In addition, Equation (28) is used in this paper to calculate the numerical reduction range of each performance metric.
r e d u c t i o n = [ 1 ( R e s u l t   A / R e s u l t   B ) ] × 100

4.5. Experimental Results

Table 4 shows the computational cost and number of training parameters required to conduct experiments with MSA-FCN on FD002 and FD004, respectively.
Table 5 presents the results of the RUL prediction performance metrics for MSA-FCN on the FD002 and FD004 datasets. Clearly, MSA-FCN performs better in RUL prediction on FD002 compared with FD004. This difference may stem from the varying number of failure modes contained in the two datasets. FD004 includes two failure modes, while FD002 has only one. Generally speaking, datasets with multiple failure modes pose greater challenges to RUL prediction models.
Figure 8a,b respectively showcase the RUL prediction results of MSA-FCN for all engines in the FD002 and FD004 datasets. The horizontal axis represents engine codes, while the vertical axis denotes RUL values. Overall, the RUL curves predicted by MSA-FCN (orange) closely align with the actual RUL curves (blue). Specifically, the RUL curves in Figure 8a are more tightly clustered than those in Figure 8b, further verifying the difference in prediction performance of MSA-FCN across the two datasets.
Table 6 and Figure 9a–f exhibit the RUL prediction results of MSA-FCN for six test engines (numbered #45, #177, #236, #8, #135, and #216) from the FD002 and FD004 datasets. According to the table, despite slight lags in the predictions for #236, #8, and #135, the RUL values predicted by MSA-FCN are generally close to the actual RUL values. From the figures, it is evident that the RUL curves predicted by MSA-FCN (blue) closely follow the actual RUL curves (green), and these curves nearly overlap during the linear degradation phase of the engines.
In conclusion, these results fully demonstrate the effectiveness of MSA-FCN in predicting RUL values for turbofan engines.
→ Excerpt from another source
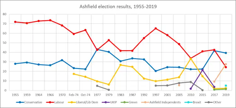 Until the Conservatives gained the seat at the 2019 general election, it was almost always a Labour Party seat since its creation for the 1955 general election. The Ashfield constituency has been served by a former Secretary of State, Geoff Hoon, and since its creation until 2019, for only two years has been served by one member of another party, Tim Smith of the Conservative Party, from 1977 to 1979. Ashfield's 2019 result indicates quite a large Conservative majority. In 2010, the seat had a marginal majority of only 192 votes over the Liberal Democrats, but this was increased to 8,820 in 2015 after a collapse in the Liberal Democrat vote, with the Conservatives finishing in second place. In 2017, there was another narrow margin of victory for Labour after an 8.9% swing to the Conservatives, who squeezed most of the fairly substantial UKIP vote from two years earlier, and also a large vote for the Ashfield Independents candidate of nearly 10%, but Labour on that occasion did just enough to hang on by just over 400 votes. In 2019, the Independent candidate Jason Zadrozny, who had come close to winning the seat for the Liberal Democrats nine years earlier, came second with a substantial vote, and the Conservatives took the seat despite achieving fewer votes and a smaller percentage of the total vote than in 2017.

5. Performance Comparison and Discussion

5.1. Comparison with Other Models

In this section, MSA-FCN is compared with 11 existing deep neural networks for the RUL prediction of turbofan engines, including DSCN [30], MS-DCNN [26], LTSM-Attention [27], AGCNN [28], LSTM-INIFR [25], MCLSTM [29], Bi-level LSTM Scheme [24], LSTM Model [37], SMDN [38], BiGRU-TSAM [39], and IDMFFN [40]. The experimental results are summarized in Table 7 where N/A represents results that are not reported in the corresponding paper; underlined values indicate sub-optimal results; and bold values represent the optimal results. It should be noted that the experimental results of MSA-FCN in Section 4.5 are presented in this section with two decimal places kept for comparison with the other networks.
Overall, MSA-FCN performs best on all performance metrics for both the FD002 and FD004 datasets. Specifically, compared with the sub-optimal results, MSA-FCN achieves a reduction of 3.10% and 6.45% in RMSE and Score, respectively, on the FD002 dataset. On the FD004 dataset, it attains a decrease of 5.04% and 28.11% in RMSE and Score, respectively. We additionally calculated the sum (sum) and average (average) of RMSE and Score across all networks. Compared with the sub-optimal outcomes, MSA-FCN reduces both the sum and average of RMSE by 4.14% and lowers the sum and average of Score by 23.61%. These results indicate that, compared with the other 11 approaches, MSA-FCN can achieve more accurate and timely RUL prediction, demonstrating superior overall prediction performance.
Table 8 demonstrates a comparison of the robustness of MSA-FCN and the other models in RUL prediction. As shown in the table, MSA-FCN achieved the best results in all Score STDs, and it obtained the second-best results in all RMSE STDs. Overall, compared with the other models, MSA-FCN exhibits superior stability and robustness in multiple experimental tests, both in terms of prediction accuracy and timeliness.
Table 9 compares the computational cost of training among MSA-FCN and the other models. As shown in the table, MSA-FCN does not achieve the minimum training time per epoch. Therefore, compared with other models, MSA-FCN does not have a significant advantage in terms of computational cost for RUL prediction, which will be a focus of improvement in future research work.
In summary, compared with some of the existing deep neural networks used for predicting the RUL of turbofan engines, MSA-FCN can achieve competitive advantages in terms of accuracy and timeliness. However, it does not yet exhibit outstanding performance in robustness and computational cost. Therefore, one of focuses of our future research work is to achieve a trade-off among performance, stability, and computational time for the prediction model.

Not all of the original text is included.